YOUR OBJECTIVE
Each line below should be repeated exactly, but no picture should be carried over.

DATA PROVIDED
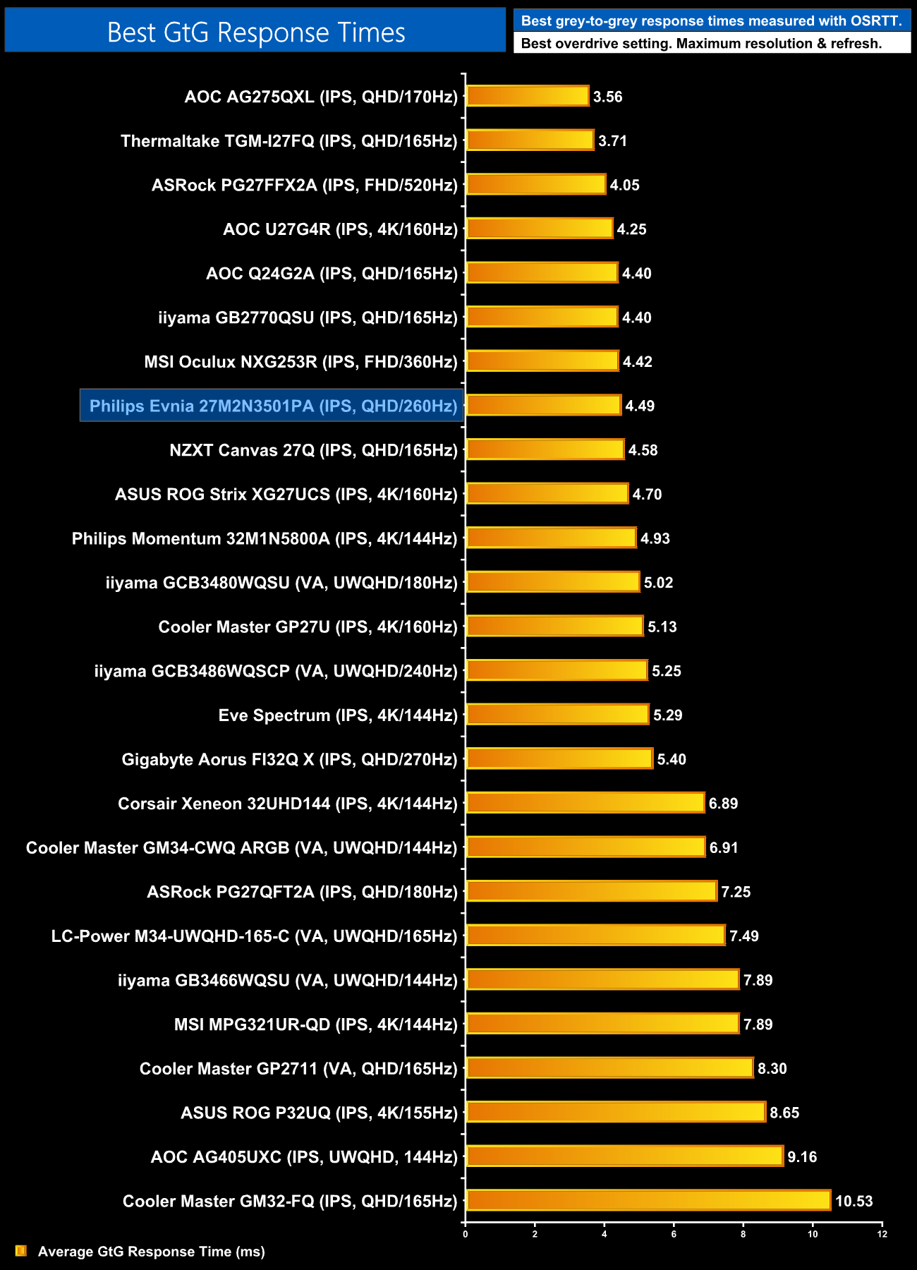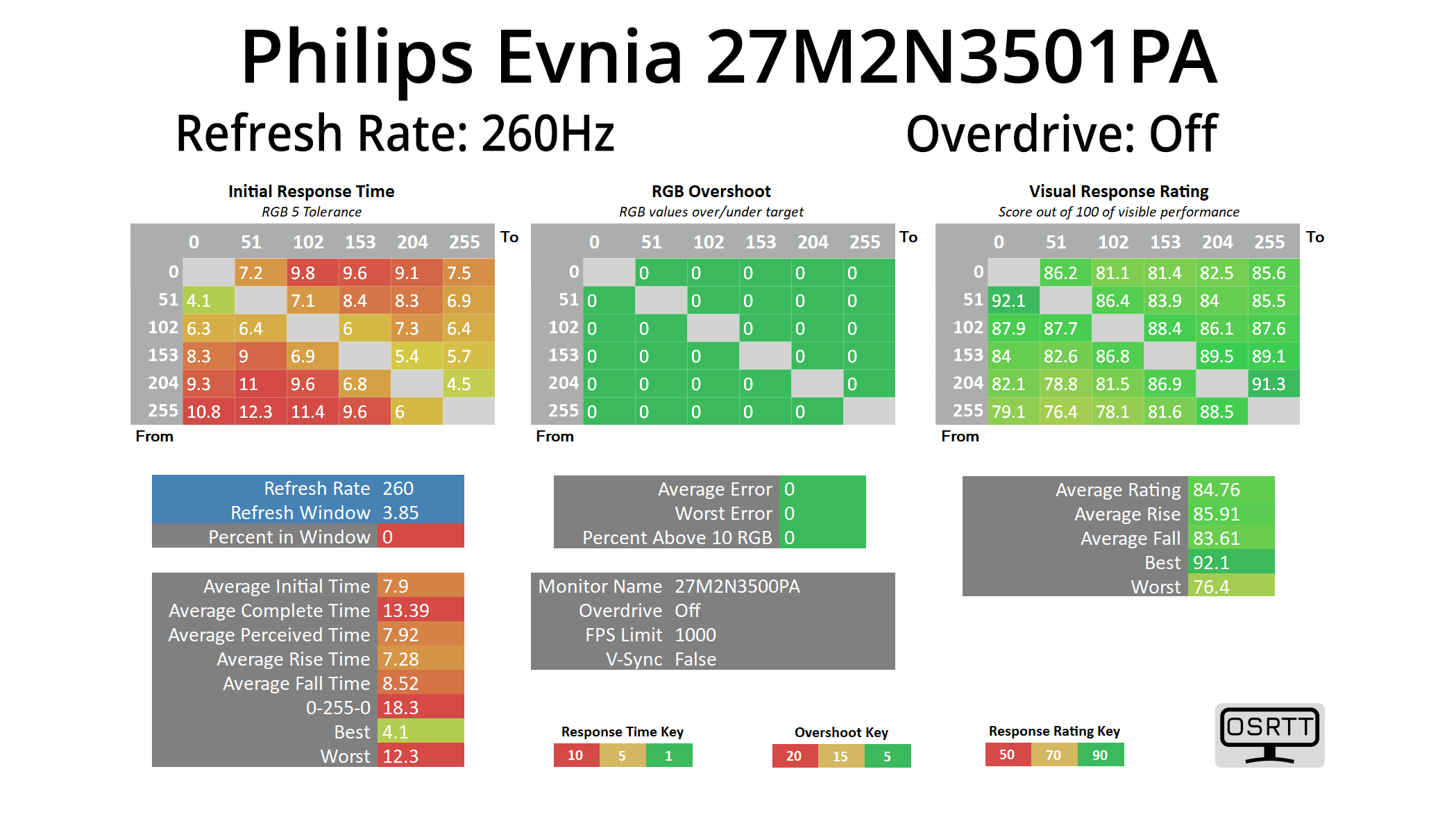 Starting with overdrive turned off at 260Hz, the 27M2N3501PA delivers results that actually aren't terrible – it's not fast by any means, but the average response time of 7.9ms without any overdrive would indicate a reasonable panel.
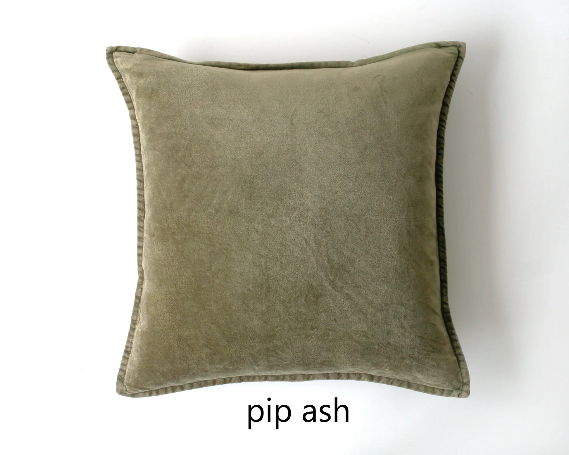 Pudebetrækket er lavet af en tyk og blød velour. 100 % bomuld. Pudebetrækket har en dobbelt piping. Prisen er med fyld. Fås i størrelse 50x50 eller 30x60.
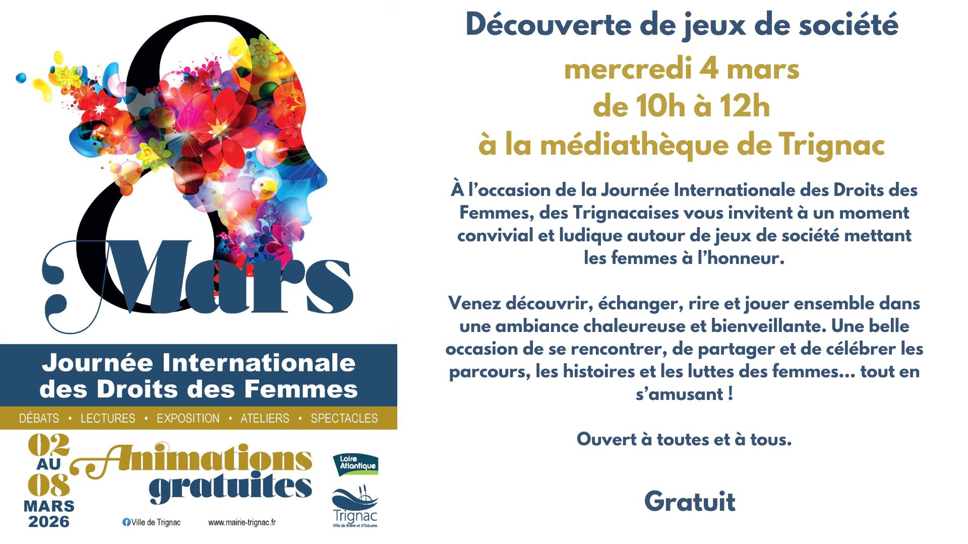 À l’occasion de la Journée Internationale des Droits des Femmes, des Trignacaises vous invitent à un moment convivial et ludique autour de jeux de société mettant les femmes à l’honneur.

RESPONSE BOX
 Starting with overdrive turned off at 260Hz, the 27M2N3501PA delivers results that actually aren't terrible – it's not fast by any means, but the average response time of 7.9ms without any overdrive would indicate a reasonable panel.
 Pudebetrækket er lavet af en tyk og blød velour. 100 % bomuld. Pudebetrækket har en dobbelt piping. Prisen er med fyld. Fås i størrelse 50x50 eller 30x60.
 À l’occasion de la Journée Internationale des Droits des Femmes, des Trignacaises vous invitent à un moment convivial et ludique autour de jeux de société mettant les femmes à l’honneur.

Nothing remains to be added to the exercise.